◆ TASK REQUIREMENTS ◆
Below this line are records; write out exactly the lines from the one containing "Átnéztem a nagyszínpadra, szerencsére" through the one containing "Hướng dẫn sử", with the pictures left out.

◆ ENTRIES SHOWN ◆
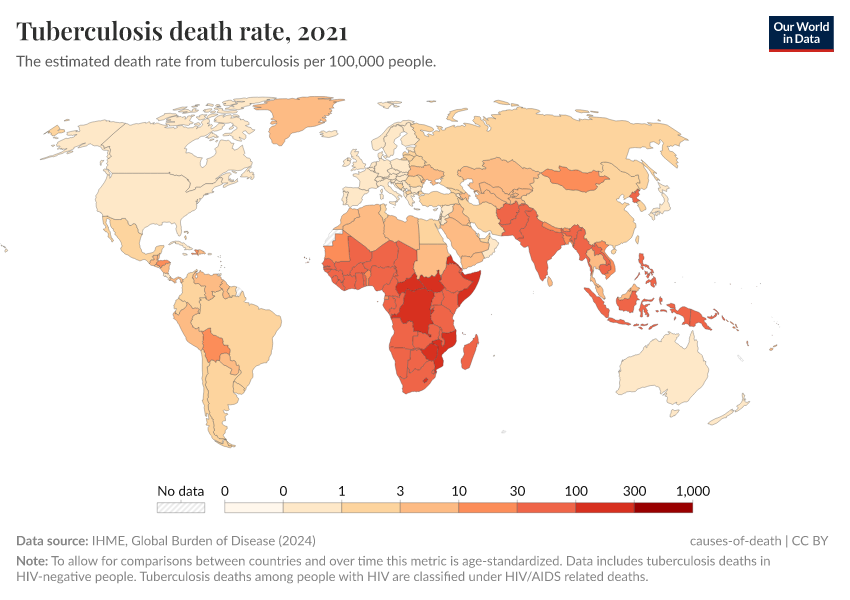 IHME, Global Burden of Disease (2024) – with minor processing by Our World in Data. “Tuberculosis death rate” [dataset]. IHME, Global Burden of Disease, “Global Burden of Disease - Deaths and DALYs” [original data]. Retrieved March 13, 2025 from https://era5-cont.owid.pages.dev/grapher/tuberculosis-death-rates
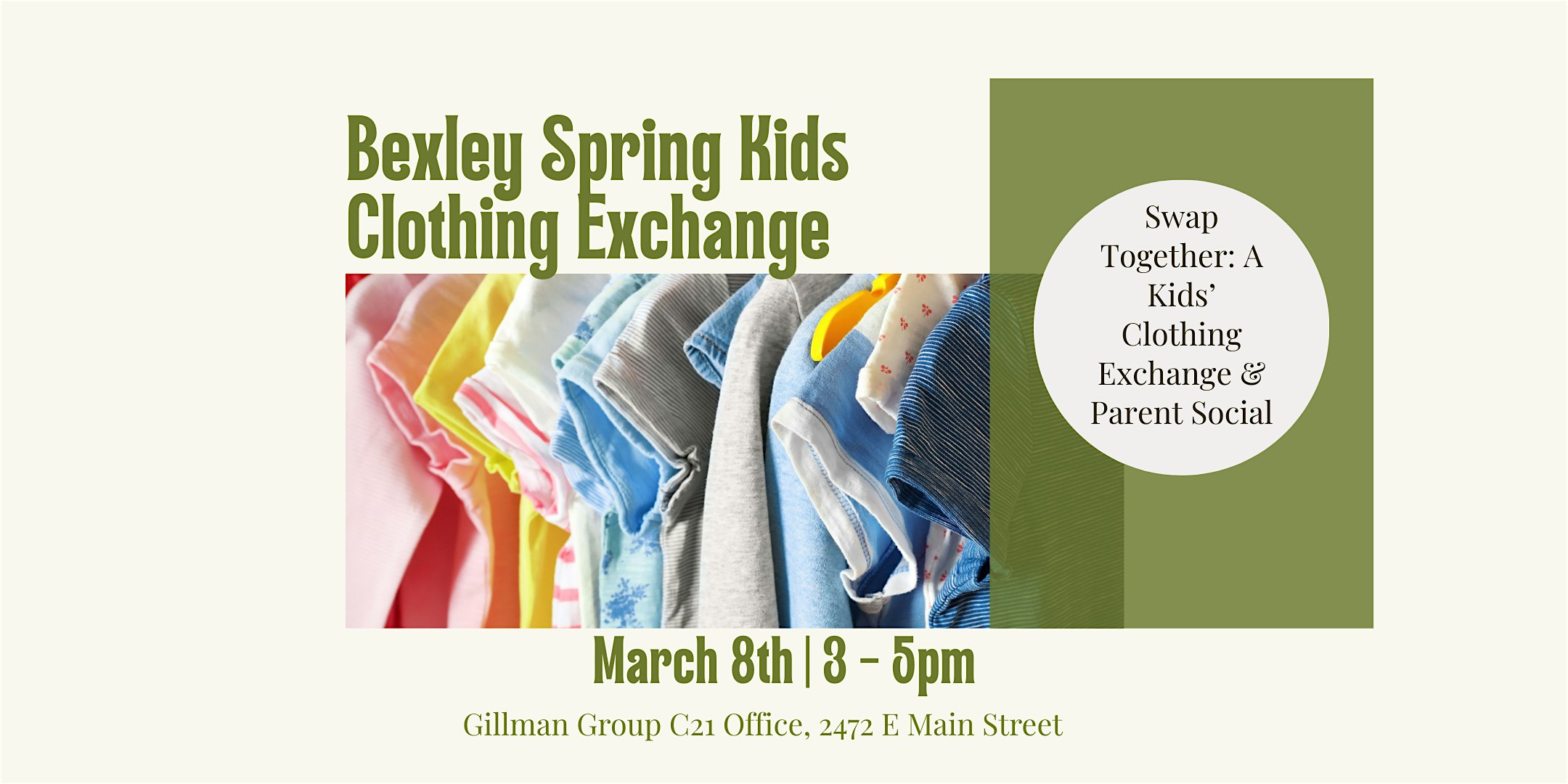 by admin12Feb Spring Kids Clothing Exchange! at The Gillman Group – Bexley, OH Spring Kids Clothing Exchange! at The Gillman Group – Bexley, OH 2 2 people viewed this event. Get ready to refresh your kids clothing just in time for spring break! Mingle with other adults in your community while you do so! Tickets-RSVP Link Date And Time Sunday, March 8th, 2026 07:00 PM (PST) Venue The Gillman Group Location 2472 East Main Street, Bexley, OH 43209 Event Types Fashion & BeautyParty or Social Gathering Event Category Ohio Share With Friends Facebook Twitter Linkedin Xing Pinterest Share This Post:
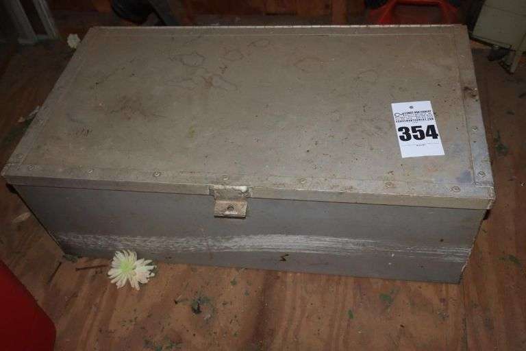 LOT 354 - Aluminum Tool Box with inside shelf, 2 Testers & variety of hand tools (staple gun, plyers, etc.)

==

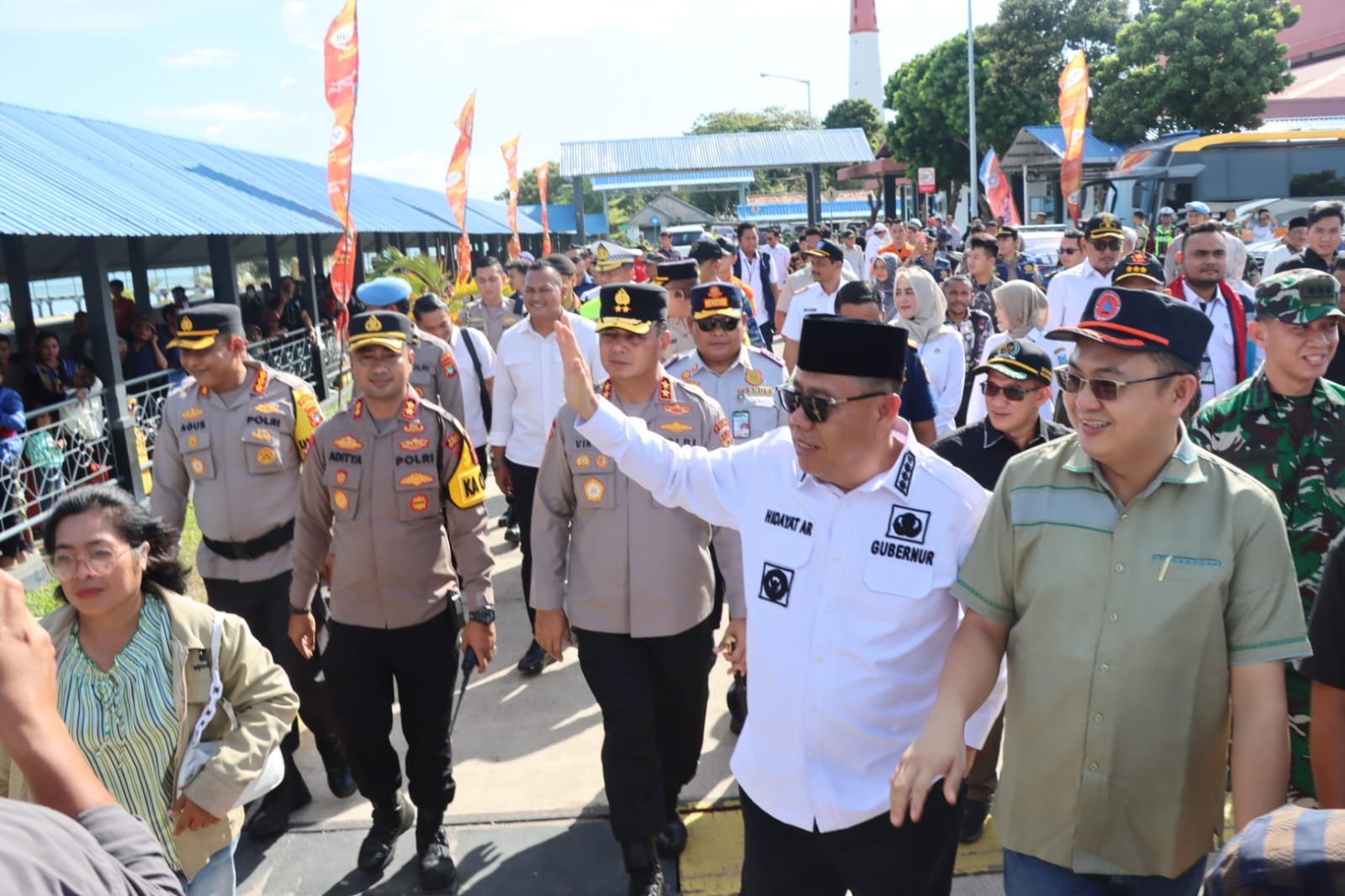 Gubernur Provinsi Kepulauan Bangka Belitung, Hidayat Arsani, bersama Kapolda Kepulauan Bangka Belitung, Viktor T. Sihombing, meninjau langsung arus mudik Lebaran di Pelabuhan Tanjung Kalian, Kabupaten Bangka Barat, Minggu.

...

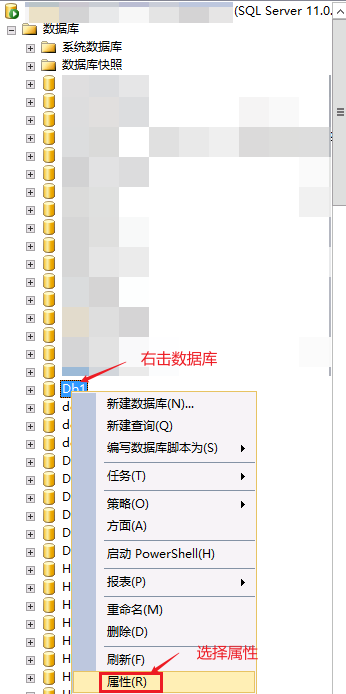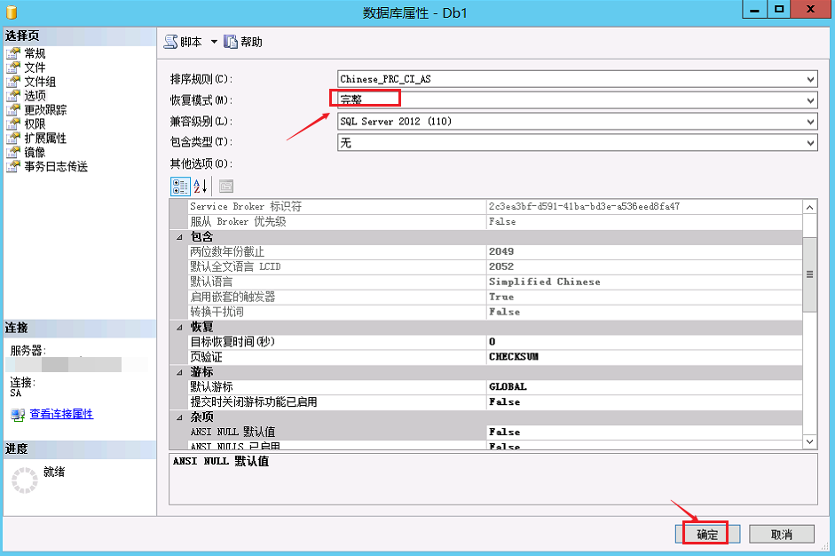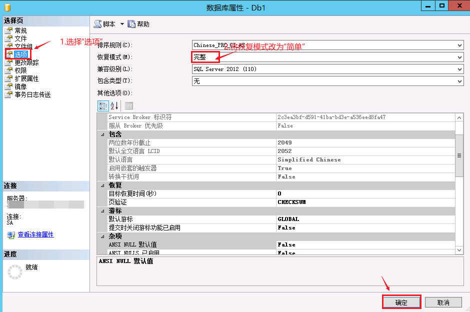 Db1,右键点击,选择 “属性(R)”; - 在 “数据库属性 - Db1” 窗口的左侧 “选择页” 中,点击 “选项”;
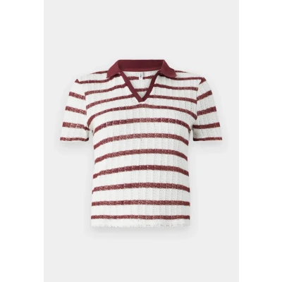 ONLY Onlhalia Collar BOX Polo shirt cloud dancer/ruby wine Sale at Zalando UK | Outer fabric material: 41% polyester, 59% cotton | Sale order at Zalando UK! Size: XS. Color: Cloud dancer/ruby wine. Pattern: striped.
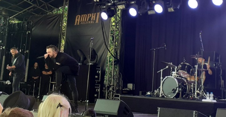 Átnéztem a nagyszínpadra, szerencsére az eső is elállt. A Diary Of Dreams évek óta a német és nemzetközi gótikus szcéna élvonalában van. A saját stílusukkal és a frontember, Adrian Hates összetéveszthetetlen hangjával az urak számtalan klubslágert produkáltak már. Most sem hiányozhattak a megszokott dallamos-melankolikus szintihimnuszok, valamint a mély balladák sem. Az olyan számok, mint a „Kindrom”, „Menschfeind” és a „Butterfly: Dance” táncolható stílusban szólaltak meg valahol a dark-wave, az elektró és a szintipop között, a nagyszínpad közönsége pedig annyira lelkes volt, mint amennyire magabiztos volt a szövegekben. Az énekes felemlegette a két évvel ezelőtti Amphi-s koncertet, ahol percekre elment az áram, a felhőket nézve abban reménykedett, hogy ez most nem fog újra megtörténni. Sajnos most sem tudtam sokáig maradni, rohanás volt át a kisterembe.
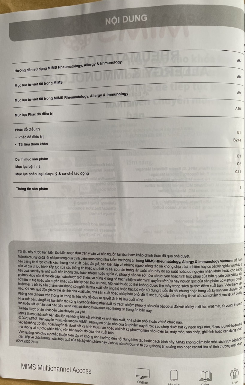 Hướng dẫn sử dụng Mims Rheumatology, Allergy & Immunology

◆ SOLUTION ◆
 Átnéztem a nagyszínpadra, szerencsére az eső is elállt. A Diary Of Dreams évek óta a német és nemzetközi gótikus szcéna élvonalában van. A saját stílusukkal és a frontember, Adrian Hates összetéveszthetetlen hangjával az urak számtalan klubslágert produkáltak már. Most sem hiányozhattak a megszokott dallamos-melankolikus szintihimnuszok, valamint a mély balladák sem. Az olyan számok, mint a „Kindrom”, „Menschfeind” és a „Butterfly: Dance” táncolható stílusban szólaltak meg valahol a dark-wave, az elektró és a szintipop között, a nagyszínpad közönsége pedig annyira lelkes volt, mint amennyire magabiztos volt a szövegekben. Az énekes felemlegette a két évvel ezelőtti Amphi-s koncertet, ahol percekre elment az áram, a felhőket nézve abban reménykedett, hogy ez most nem fog újra megtörténni. Sajnos most sem tudtam sokáig maradni, rohanás volt át a kisterembe.
 Hướng dẫn sử dụng Mims Rheumatology, Allergy & Immunology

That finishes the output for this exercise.